Bioenergetic study showing luekemia although characterised by increased metabolism , its a dysfunctional response to less effective mitochondria ATP production (and even has elevated ATP consumption). and restoring proper oxidative phosphorylation / ETC activity / lowering the ATP consumption can help kill the cancer. Curcumin was used to block the ATP from being consumed
(also this highlights that increased mitochondrial biogenesis can indicate an adaptation to decreased effectiveness)
https://www.ncbi.nlm.nih.gov/pmc/articles/PMC8221809/

• Currently there is great interest in targeting mitochondrial oxidative phosphorylation (OXPHOS) in cancer. However, notwithstanding the targeting of mutant dehydrogenases, nearly all hopeful ‘mito-therapeutics’ cannot discriminate cancerous from non-cancerous OXPHOS and thus suffer from a limited therapeutic index. Using acute myeloid leukemia (AML) as a model, herein, we leveraged an in-house diagnostic biochemical workflow to identify ‘actionable’ bioenergetic vulnerabilities intrinsic to cancerous mitochondria.
  Consistent with prior reports, AML growth and proliferation was associated with a hyper-metabolic phenotype which included increases in basal and maximal respiration. However, despite having nearly 2-fold more mitochondria per cell, clonally expanding hematopoietic stem cells, leukemic blasts, as well as chemoresistant AML were all consistently hallmarked by intrinsic OXPHOS limitations.
  Remarkably, by performing experiments across a physiological span of ATP free energy, we provide direct evidence that leukemic mitochondria are particularly poised to consume ATP. Relevant to AML biology, acute restoration of oxidative ATP synthesis proved highly cytotoxic to leukemic blasts, suggesting that active OXPHOS repression supports aggressive disease dissemination in AML. Together, these findings argue against ATP being the primary output of leukemic mitochondria and provide proof-of-principle that restoring, rather than disrupting, OXPHOS may represent an untapped therapeutic avenue for combatting hematological malignancy and chemoresistance.

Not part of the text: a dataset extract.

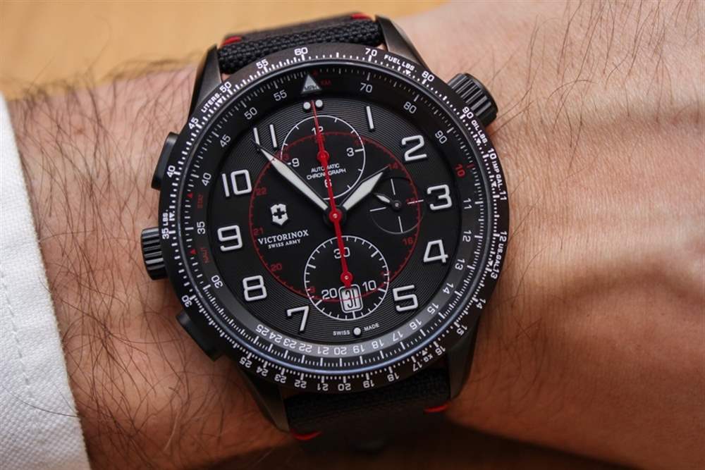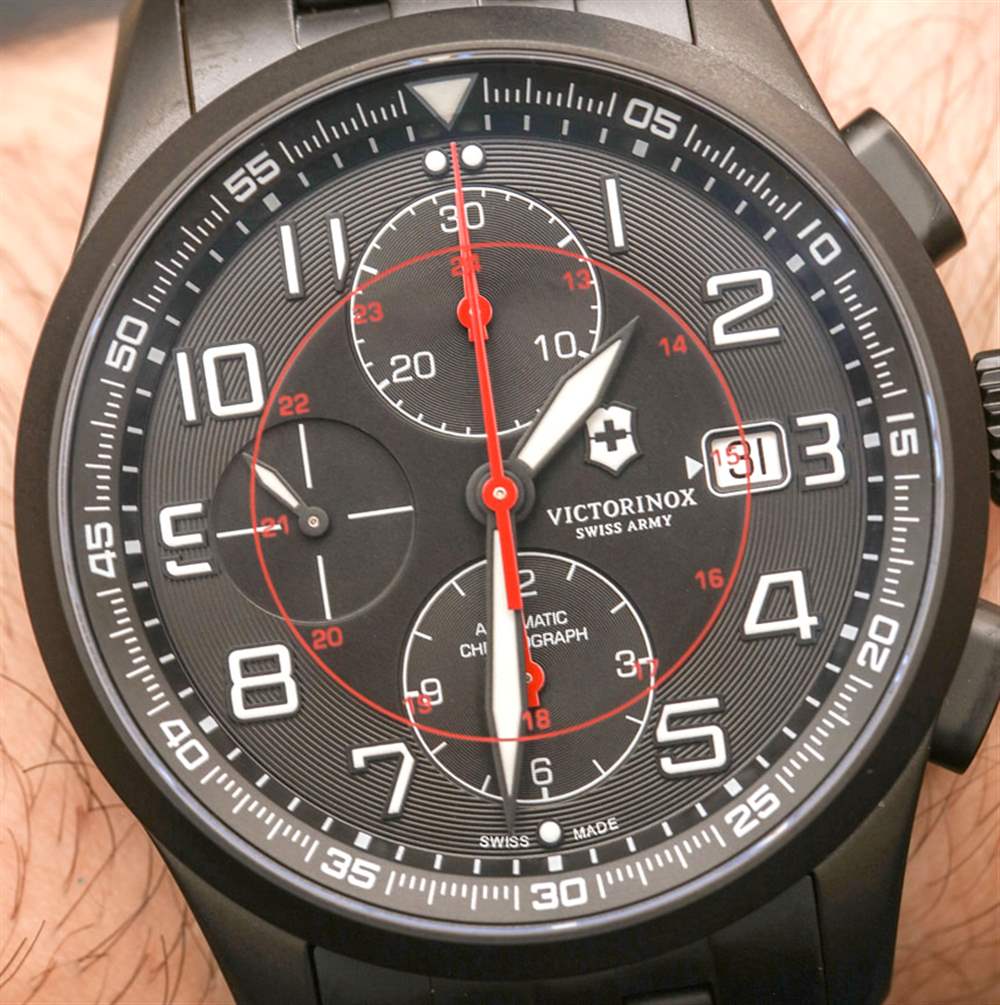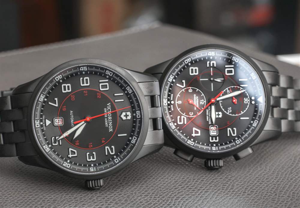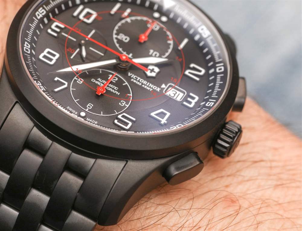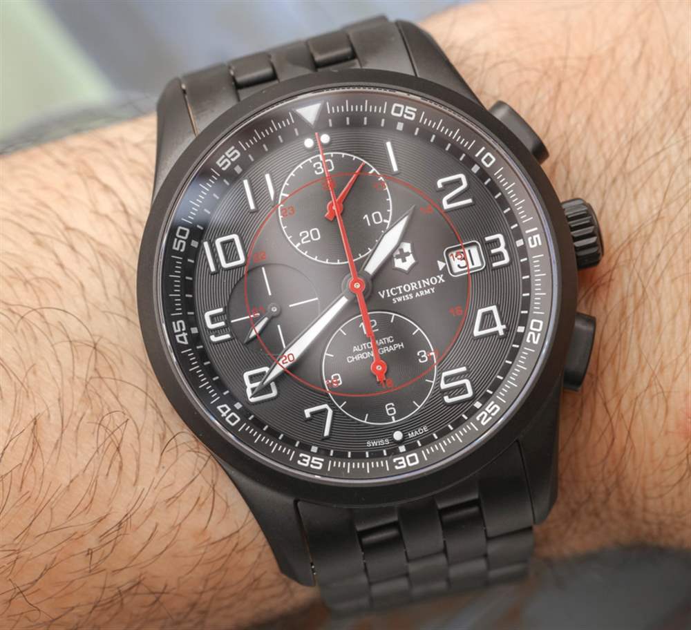 如果您的口味更簡單或預算更緊,我還想指出,Victorinox Swiss Army 在 Airboss Mechanical Black Edition 中生產這款手表的三指針版本(此處為aBlogtoWatch 評論)表帶或相同的啞光黑色鋼手鏈,售價 1,095 美元。兩種型號都有 42 毫米寬的表殼,外觀和設計相似——只有一款沒有計時碼表。因此,根據您的口味和需求,兩者都是一個有吸引力的選擇。

experimental rationale for targeting OXPHOS in leukemia is largely based on the assumption that heightened respiration is representative of the cancerous mitochondrial network’s attempt to accommodate an increased ATP demand (i.e. increased ‘OXPHOS reliance’). However, identical increases in mitochondrial respiration can derive from any number of physiological stimuli, ranging from increased demand for ATP resynthesis to decreased OXPHOS efficiency. Distinguishing between these potential outcomes is critical, as such insight likely demarcates targeted drug efficacy from undesirable systemic toxicity. For example, it is currently unclear how targeting increased ‘OXPHOS reliance’ in leukemia can specifically disrupt leukemic oxidative metabolism without impacting OXPHOS in other highly metabolic organs (e.g. brain, heart, muscle).

Given that acute restoration of OXPHOS kinetics in AML proved highly cytotoxic to leukemic blasts, the present findings provide proof-of-principle that interventions designed to restore, rather than disrupt, OXPHOS may impart therapeutic efficacy across various hematological malignancies..

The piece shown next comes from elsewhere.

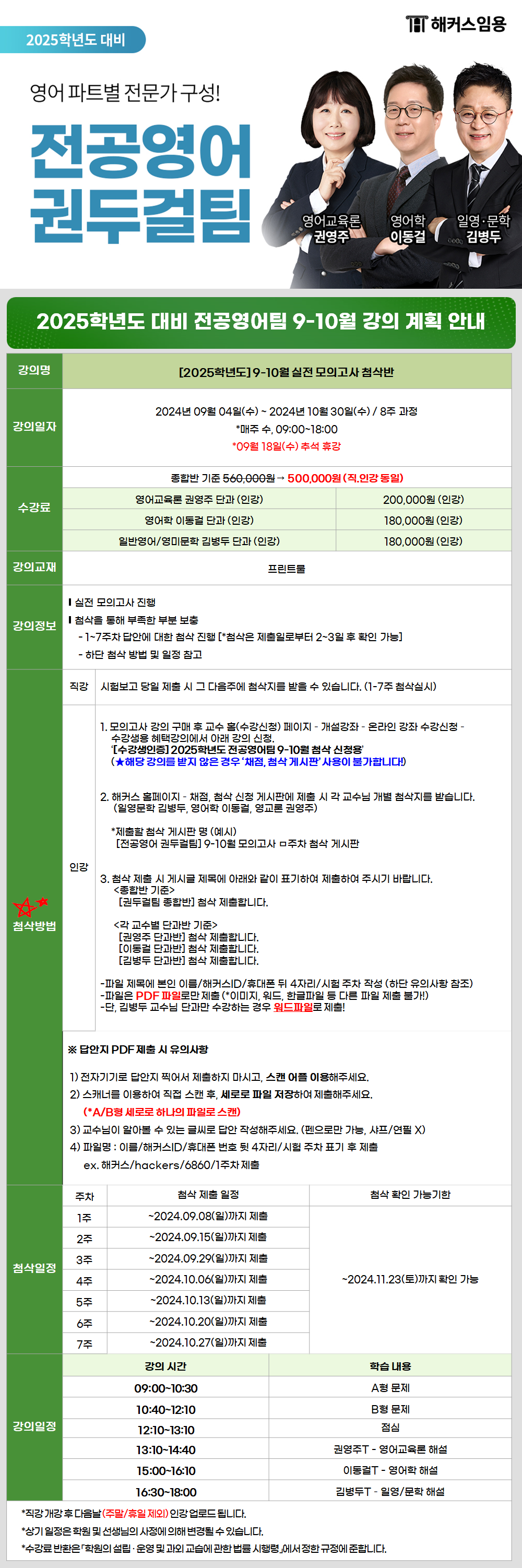 [전공영어 권.두.걸팀] 2025학년도 9-10월 실전 모의고사 강의 안내 (9.4 개강) 작성자해커스임용|작성시간24.08.07|조회수112 목록 댓글 0 글자크기 작게가 글자크기 크게가 ※접수 오픈일※직강 : 2024년 8월 8일(목) 15:00시부터 접수 가능인강 : 2024년 8월 7일(수) 16:00시부터 접수 가능 (*단, 학원 사정에 따라 접수일정 조정될 수 있습니다.) 다음검색 현재 게시글 추가 기능 열기 북마크 공유하기 신고 센터로 신고 댓글 댓글 0 댓글쓰기 답글쓰기 댓글 리스트

**Increased mitochondrial oxidative metabolism, an established metabolic hallmark of leukemia (Byrd et al., 2013; Kuntz et al., 2017; Lee et al., 2015; Sriskanthadevan et al., 2015; Suganuma et al., 2010), has been historically interpreted to reflect an increased reliance on mitochondrial ATP production. However, fractional OXPHOS kinetics had not been empirically evaluated in leukemia at the onset of this project. Thus, it remained to be determined whether higher basal respiration in leukemia reflected accelerated demand for ATP regeneration or intrinsic OXPHOS insufficiency. Both conditions would be expected to similarly restrict cellular ATP/ADP equilibrium displacement (i.e. ΔGATP charge) and thus could potentially result in identical respiratory profiles in intact cells. For example, a small network of mitochondria each respiring near maximal capacity could in theory produce an identical ‘basal’ oxygen consumption rate to that of a comparatively larger mitochondrial network in which forward respiratory flux was constrained across each mitochondrial unit. Our findings provide definitive support for the latter scenario in AML, as application of our diagnostic biochemical workflow revealed that intrinsic limitations in fractional OXPHOS characterize an expansive mitochondrial network in human leukemia. In fact, a substantial portion of the AML mitochondrial network is incapable of contributing to oxidative ATP production, as leukemic mitochondria primarily consume, rather than produce, ATP across a physiological ΔGATP span.

• Intrinsic OXPHOS limitations in AML appear to derive from a unique biochemical mechanism whereby extra-mitochondrial ATP gains access to the matrix space, where it then directly inhibits electron transport flux in a ΔGATP-dependent manner. Such inhibition is independent of ATP synthase (i.e. CV) and presumably localized to the respiratory complexes downstream of the ubiquinone pool (i.e. CIII, Cyt C, CIV). Given that evidence for this effect was also observed in bone marrow-derived CD34+ stem cells, allosteric and/or post-translation regulation of ETS flux is likely a primary mode of OXPHOS regulation in hematopoietic progenitors that is maintained during leukemogenesis.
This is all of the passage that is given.